If Hazare’s diagnosis of the problem of corruption is un-Gandhian, so is his prescription of a Leviathan-like Lokpal, which is based on the concept of “Ombudsman” in Western democracies. While Gandhi would probably not worry about the monitoring of elected representatives by a “Lokpal,” he would surely raise questions, if not oppose, the creation of another colossal and centralized institution of the state, over which ordinary citizens appear to have little control. The nine-member Lokpal bench, proposed by Hazare’s Jan Lokpal bill, will comprise former judges, retired bureaucrats and other “persons of eminence in public life,” thus ceding enormous powers to “experts’ cut off from the grassroots.

Despite apparent differences, however, the government and Hazare have the same technocratic approach to reducing corruption, centred on correcting individual behaviour alone. The immediate reason for Hazare’s hunger strike and the events of the last two weeks in August was a bitter dispute between the government and Team Anna over which version of the Lokpal Bill the parliament should accept for discussion.

This savage face-off notwithstanding, the government’s bill differed from Hazare’s not in terms of basic design, but in terms of procedural questions such as who can be investigated by the Lokpal (Hazare wanted the Prime Minister, the government did not), who will select the nine-member bench (Hazare wanted more “civil society” people, the government wanted more government people), the sorts of investigatory powers the Lokpal will enjoy (Hazare wanted wire-taps, the government did not), and whether “whistleblowers” will be protected by law (Hazare wanted their protection guaranteed, the government was more focused on punishing spurious claims).

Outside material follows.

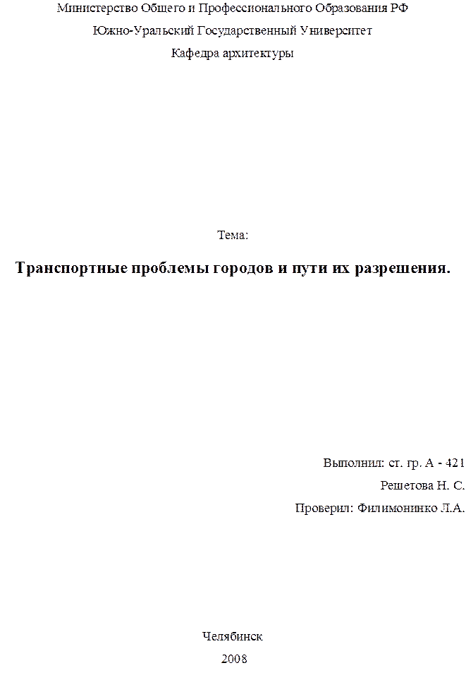 Реферат: Транспортные проблемы городов и пути их разрешения
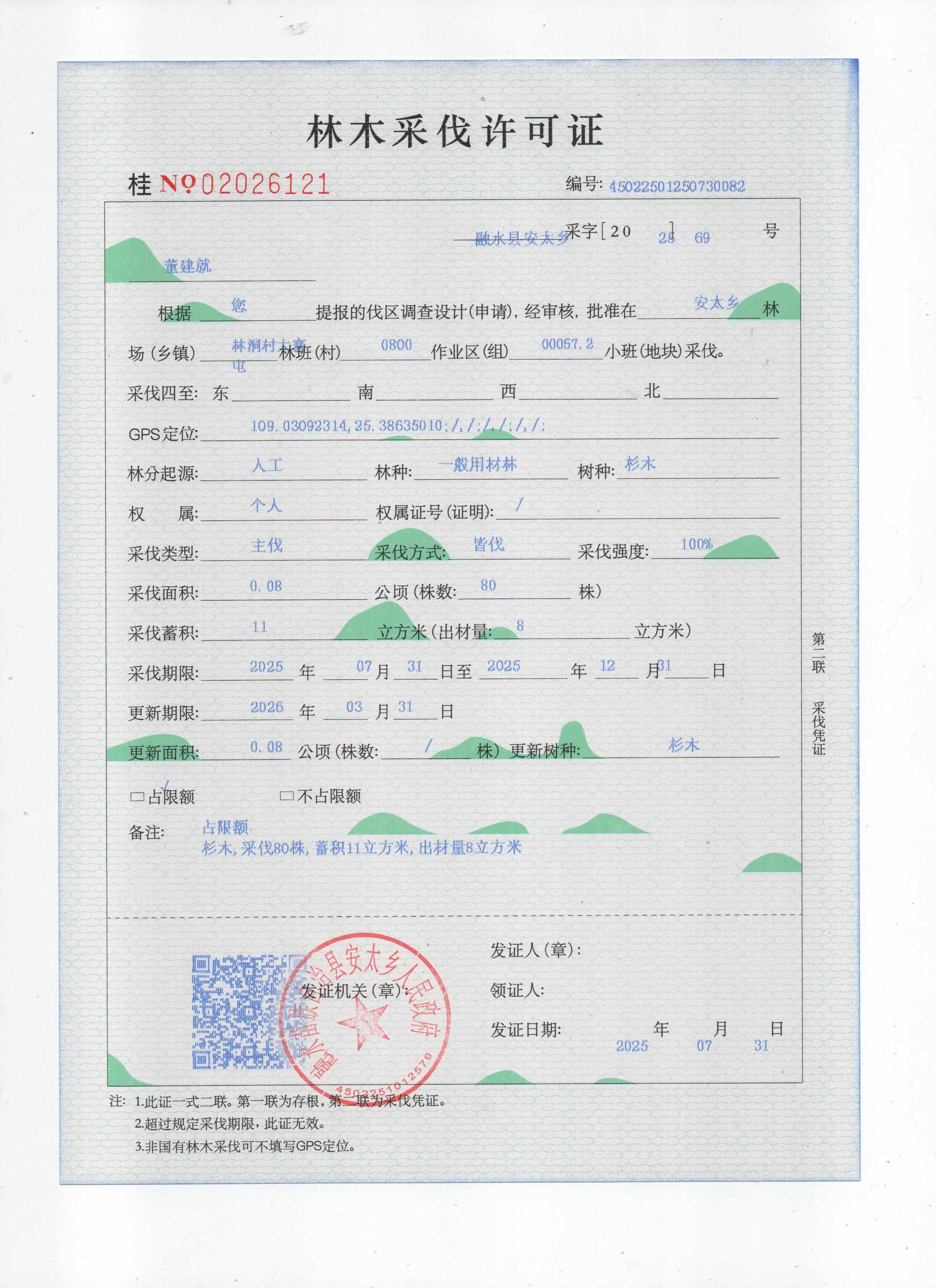 林木采伐许可证:董建就(桂NO.02026121) 公示

While the government’s bill called for a weaker Lokpal than Hazare’s bill, both envisaged the Lokpal as a policing institution with expansive powers. An anti-corruption route more in keeping with Gandhian principles is that of the National Campaign for People’s Right to Information (NCPRI). The NCPRI’s approach more genuinely empowers ordinary citizens by recognizing that they are entitled to a transparent and accountable government. Under the Right to Information Act, passed by the Indian parliament in 2005 in response to pressure from the NCPRI, any citizen can ask to review the government’s records and documents. The NCPRI has also created space for the voicing of grassroots concerns, through locally-grounded mechanisms such as Jan Sunwais (public hearings).

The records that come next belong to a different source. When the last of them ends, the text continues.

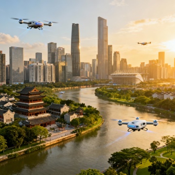 简约现代风格的无人机产品展示图,单架无人机居中规整排布,纯色背景,无任何文字、logo和水印。无人机采用金属灰为主色调,机身线条流畅,细节精致,配备四个螺旋桨和前置摄像头,底部有绿色指示灯。整体画面干净利落,光影柔和,突出无人机的科技感和现代设计美学。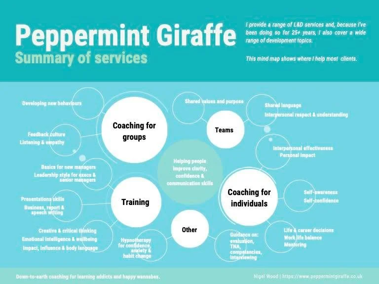 I studied Psychology at Dundee University and spent a life-changing second year of that honours degree in Montreal, Canada. After working in HR/ L&D for six years, getting my Masters in Organisational & Occupational Psychology, and then spending five years in a boutique training consultancy, I decided to become self-employed and I created βPeppermint Giraffeβ. This was back in 2006 and Iβve not regretted it for a single moment.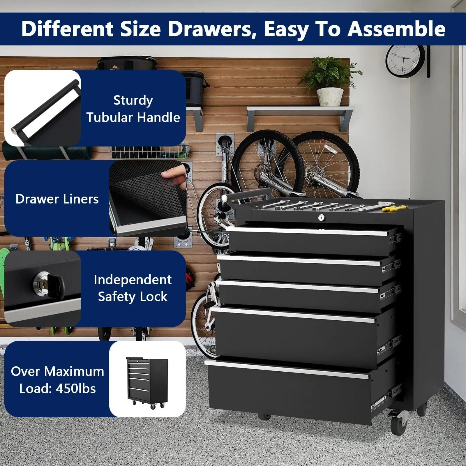 【Ample Organization】 The 5 spacious drawers and additional compartments in this tool box rolling tool cabinets offer extensive storage for all your tools. With designated spaces, this tool chest helps keep your workspace tidy and organized, allowing quick access and efficient workflow in your garage or workshop.

Given the enormity of the problem, establishing a Lokpal is perhaps a reasonable and practical solution for the time being. The government, opposition parties and broad swathes of civil society, including NCPRI, appear to agree on this point, though again, they continue to differ on the terms and composition of such an office (lower caste parties, for example, want to ensure that their communities are sufficiently represented on the Lokpal bench). On its own, however, the Lokpal – weak or strong, representative or unrepresentative – is unlikely to make more than a minor dent in corruption. At the institutional level alone, it needs to be embedded within a larger framework of changes, including campaign finance reform and new mechanisms for judicial accountability. Indeed, it is heartening that Hazare’s team has conceded this point. There are other reasons for optimism as well.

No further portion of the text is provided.